[Dataset content]:
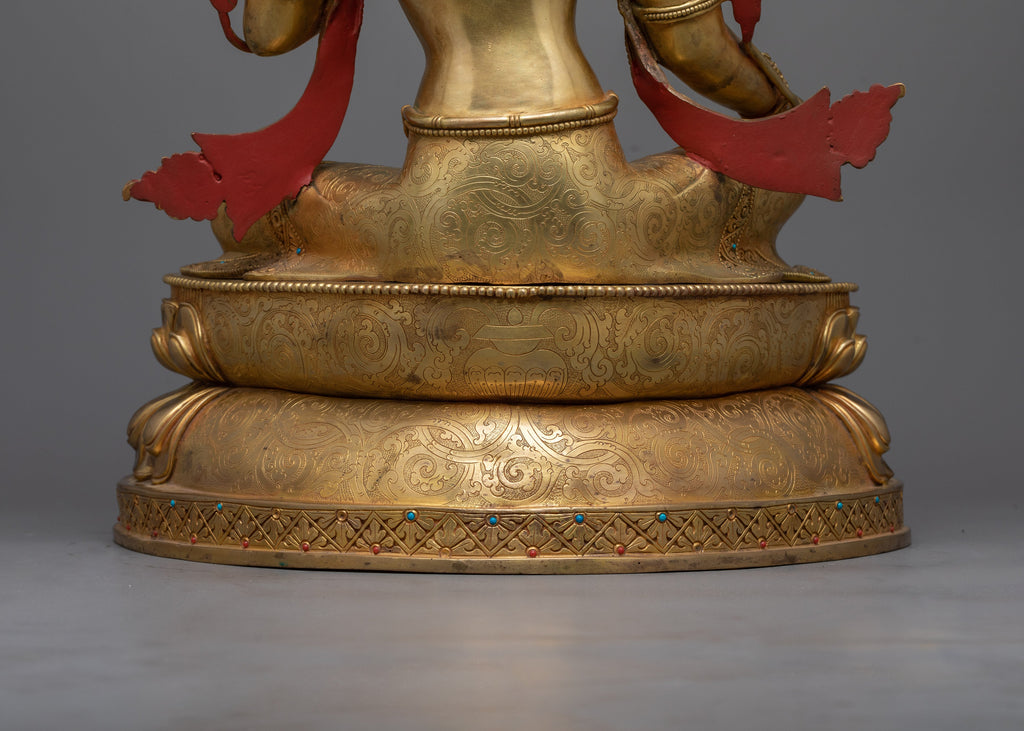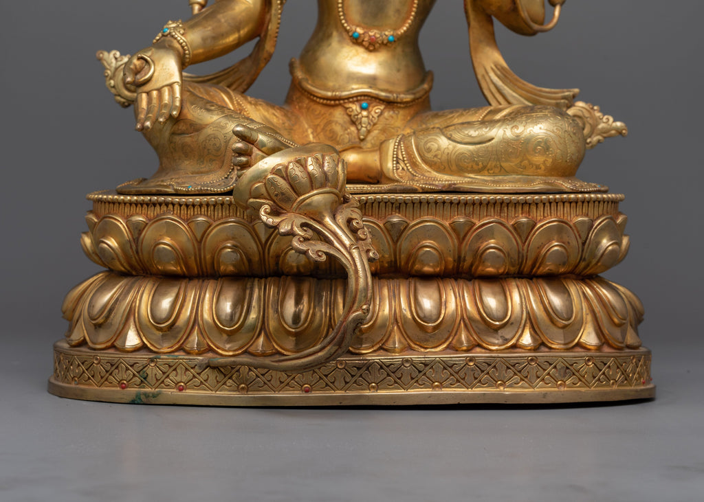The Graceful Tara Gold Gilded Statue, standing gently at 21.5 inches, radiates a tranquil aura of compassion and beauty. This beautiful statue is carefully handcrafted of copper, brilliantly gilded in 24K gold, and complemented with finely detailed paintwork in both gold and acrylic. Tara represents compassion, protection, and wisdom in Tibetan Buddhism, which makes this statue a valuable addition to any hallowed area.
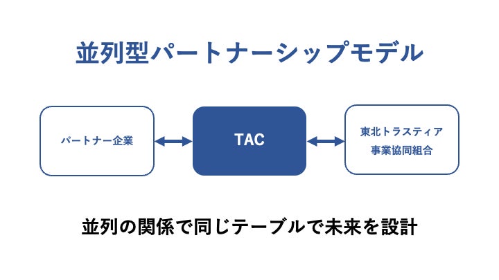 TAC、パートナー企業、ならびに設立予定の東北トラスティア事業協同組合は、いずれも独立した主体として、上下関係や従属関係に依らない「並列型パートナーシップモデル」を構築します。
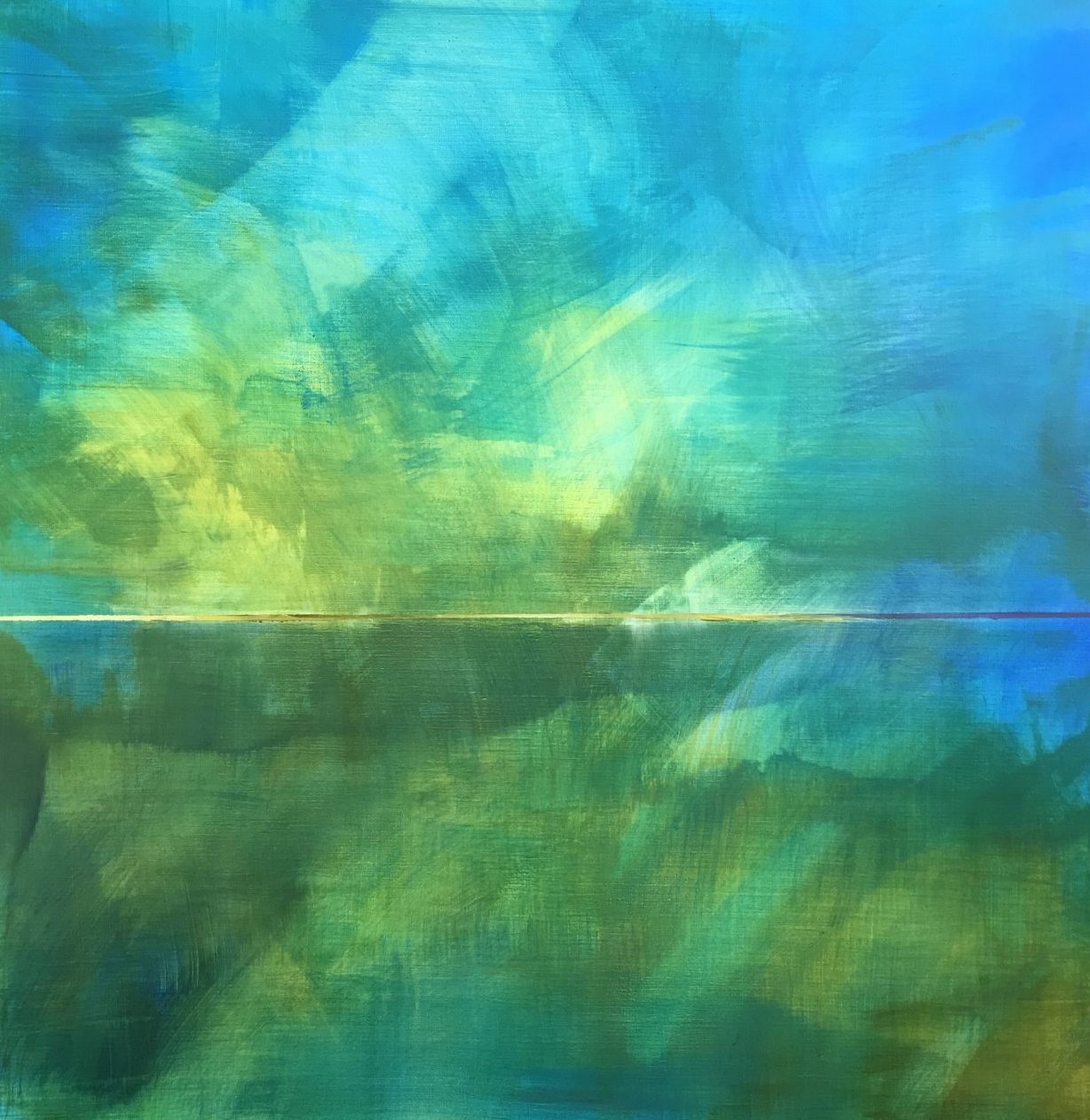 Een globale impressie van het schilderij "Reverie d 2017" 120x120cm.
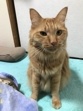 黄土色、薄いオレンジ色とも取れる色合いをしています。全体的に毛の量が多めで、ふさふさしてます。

[Requirement]:
Could you retype each line of the material above exactly, skipping the pictures?

[Task result]:
The Graceful Tara Gold Gilded Statue, standing gently at 21.5 inches, radiates a tranquil aura of compassion and beauty. This beautiful statue is carefully handcrafted of copper, brilliantly gilded in 24K gold, and complemented with finely detailed paintwork in both gold and acrylic. Tara represents compassion, protection, and wisdom in Tibetan Buddhism, which makes this statue a valuable addition to any hallowed area.
 TAC、パートナー企業、ならびに設立予定の東北トラスティア事業協同組合は、いずれも独立した主体として、上下関係や従属関係に依らない「並列型パートナーシップモデル」を構築します。
 Een globale impressie van het schilderij "Reverie d 2017" 120x120cm.
 黄土色、薄いオレンジ色とも取れる色合いをしています。全体的に毛の量が多めで、ふさふさしてます。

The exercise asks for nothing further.